Une artiste que nous accompagnions a vécu cette tension. On lui suggérait d’élargir rapidement sa production pour répondre à une demande croissante. Elle a accepté, puis s’est rendu compte que la qualité baissait, que son exigence personnelle s’effritait. Elle a choisi de ralentir, de refuser certaines opportunités, et de recentrer sa pratique. Son travail a gagné en profondeur. Sa reconnaissance a mis plus de temps à venir, mais elle s’est inscrite dans la durée.
Le rythme propre à chaque artiste
Chaque pratique a son tempo. Certains artistes sont naturellement prolifiques. Leur énergie créative est intense et constante. D’autres fonctionnent par cycles, avec des phases de recherche longues et silencieuses suivies de périodes plus productives.

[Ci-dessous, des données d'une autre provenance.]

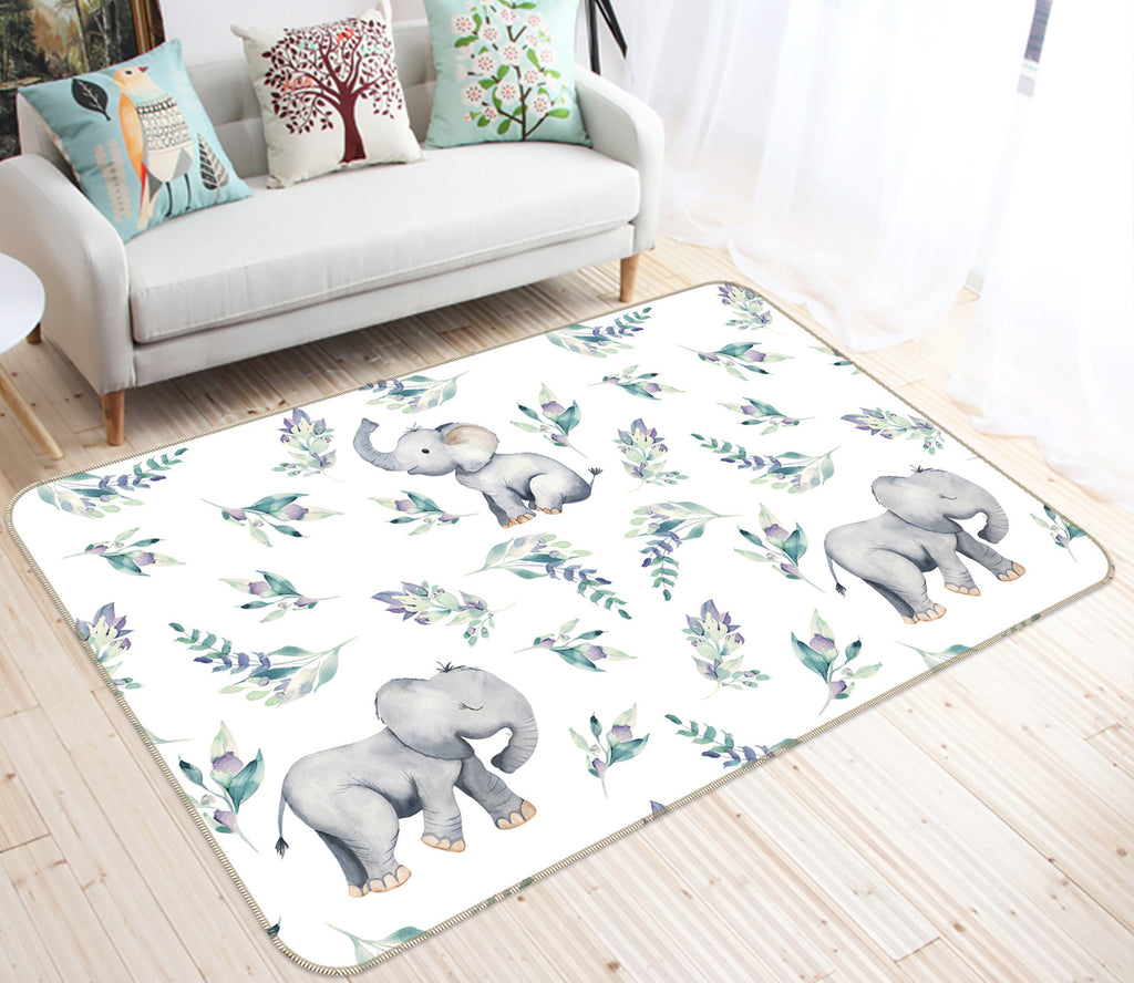 3D Elephant Leaf 028 Uta Naumann Rug Non Slip Rug Mat Zoe

Comparer les rythmes est inutile. Ce qui compte est l’alignement.
Si produire beaucoup vous nourrit, continuez. Si la multiplication des œuvres vous vide, interrogez-vous.

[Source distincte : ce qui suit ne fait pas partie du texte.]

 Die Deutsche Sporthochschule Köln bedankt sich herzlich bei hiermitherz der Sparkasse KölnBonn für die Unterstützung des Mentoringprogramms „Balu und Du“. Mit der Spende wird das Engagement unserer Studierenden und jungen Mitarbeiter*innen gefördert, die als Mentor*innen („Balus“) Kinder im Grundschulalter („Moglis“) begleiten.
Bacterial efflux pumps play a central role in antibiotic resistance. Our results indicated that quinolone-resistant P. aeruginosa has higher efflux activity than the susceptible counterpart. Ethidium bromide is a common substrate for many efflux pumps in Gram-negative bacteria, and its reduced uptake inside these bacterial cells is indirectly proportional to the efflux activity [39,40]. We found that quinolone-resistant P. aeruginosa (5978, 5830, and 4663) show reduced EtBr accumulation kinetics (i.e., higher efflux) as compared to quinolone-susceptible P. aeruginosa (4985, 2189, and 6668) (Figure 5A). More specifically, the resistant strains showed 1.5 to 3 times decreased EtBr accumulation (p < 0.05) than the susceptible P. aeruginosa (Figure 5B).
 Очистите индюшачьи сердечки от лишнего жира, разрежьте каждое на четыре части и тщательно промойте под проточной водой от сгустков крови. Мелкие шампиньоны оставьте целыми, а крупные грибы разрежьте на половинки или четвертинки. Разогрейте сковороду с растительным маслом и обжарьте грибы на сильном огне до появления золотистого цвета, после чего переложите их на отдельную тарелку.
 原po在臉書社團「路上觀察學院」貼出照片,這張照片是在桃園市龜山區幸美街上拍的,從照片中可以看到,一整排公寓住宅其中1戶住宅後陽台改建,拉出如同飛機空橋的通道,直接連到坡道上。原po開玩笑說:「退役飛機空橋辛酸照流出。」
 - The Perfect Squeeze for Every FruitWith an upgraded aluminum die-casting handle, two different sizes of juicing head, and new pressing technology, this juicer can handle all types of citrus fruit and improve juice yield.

Créer juste, c’est respecter son rythme intérieur tout en tenant compte des réalités professionnelles.
La visibilité ne dépend pas uniquement du volume
Dans l’ère numérique, la visibilité ne dépend plus uniquement du nombre d’œuvres. Elle dépend de la qualité du discours, de la cohérence du positionnement, de la clarté de la communication.

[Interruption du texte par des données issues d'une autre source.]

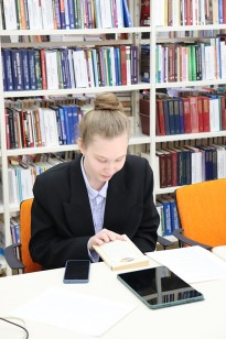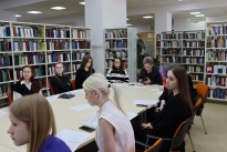 В библиотеке прошло заседание научной секции «Культура международного общения: дипломатический этикет и протокол» в рамках Дней науки, организованных Институтом истории, философии и политических наук Рязанского государственного университета имени С.А. Есенина. В работе секции приняли участие студенты РГУ и представители клуба юных дипломатов «5G» гимназии №5 г. Рязани. Научными руководителями докладчиков выступили преподаватель кафедры иностранных языков ИИФПН Елизавета Андреевна Ревкова и учитель истории и обществознания гимназии №5 Людмила Михайловна Головкина.
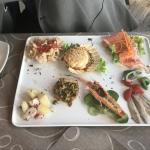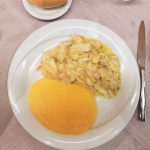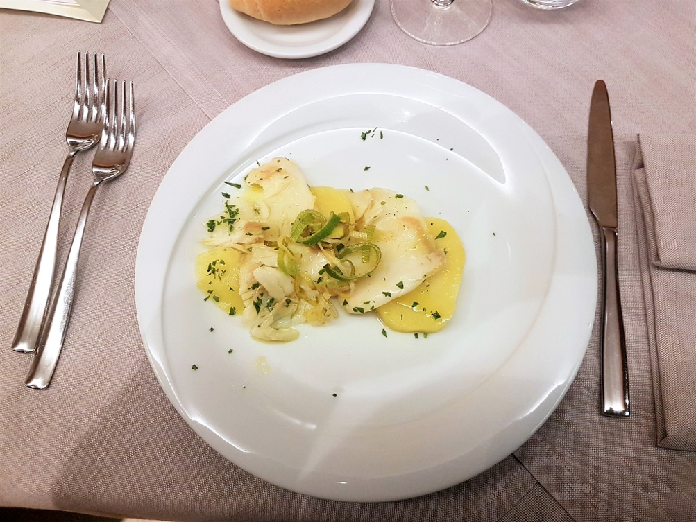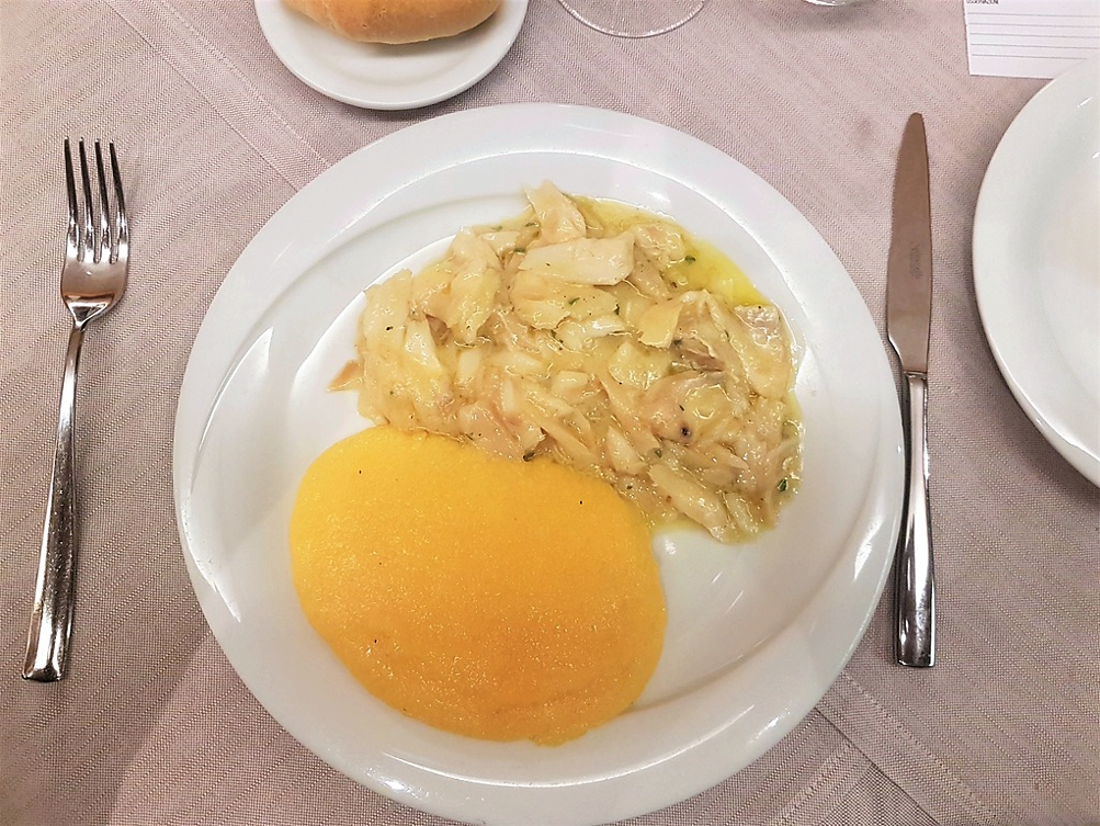 La Delegazione di Belluno-Feltre-Cadore si è ritrovata al ristorante Croce d’Aune sull’omonimo passo per gustare il baccalà. La cena è stata preceduta, dopo i saluti e le comunicazioni del Delegato Brenno Dal Pont, da una interessante relazione storica del simposiarca Bruno Calamina che ha tratteggiato la figura del nobiluomo e comandante Pietro Querini, degno interprete del commercio mercantile del 1400 da parte della Serenissima Repubblica di Venezia, noto per aver scoperto e successivamente favorito la diffusione nei territori veneti dello stoccafisso. Foto 1. Il Delegato con la titolare del ristorante. Foto 2. L'elegante allestimento della tavola. Foto 3. Baccalà bollito. Foto 4. Baccalà alla vicentina.

Un portfolio structuré, une narration forte, une vision affirmée peuvent compenser une production plus restreinte.
À l’inverse, une abondance d’images sans ligne directrice peut diluer l’attention.
La question essentielle devient alors : votre production sert-elle votre vision ?
Trouver l’équilibre
Créer beaucoup ou créer juste n’est pas une opposition binaire. L’enjeu est l’équilibre.
Produire suffisamment pour soutenir votre activité.
Refuser la surproduction qui altère votre exigence.
Construire une cohérence qui dépasse le simple volume.
L’artiste qui nous parlait de cette remarque de galerie ne cherchait pas à produire moins. Elle cherchait à produire avec sens. À ne pas sacrifier la justesse au profit de la quantité.
Au fond, la question n’est pas de savoir combien vous créez. Elle est de savoir pourquoi vous créez.
Si chaque œuvre répond à une nécessité intérieure et s’inscrit dans une trajectoire consciente, alors la quantité devient secondaire.
Créer juste, c’est créer avec intention. Et l’intention, elle, ne se mesure pas en nombre de pièces.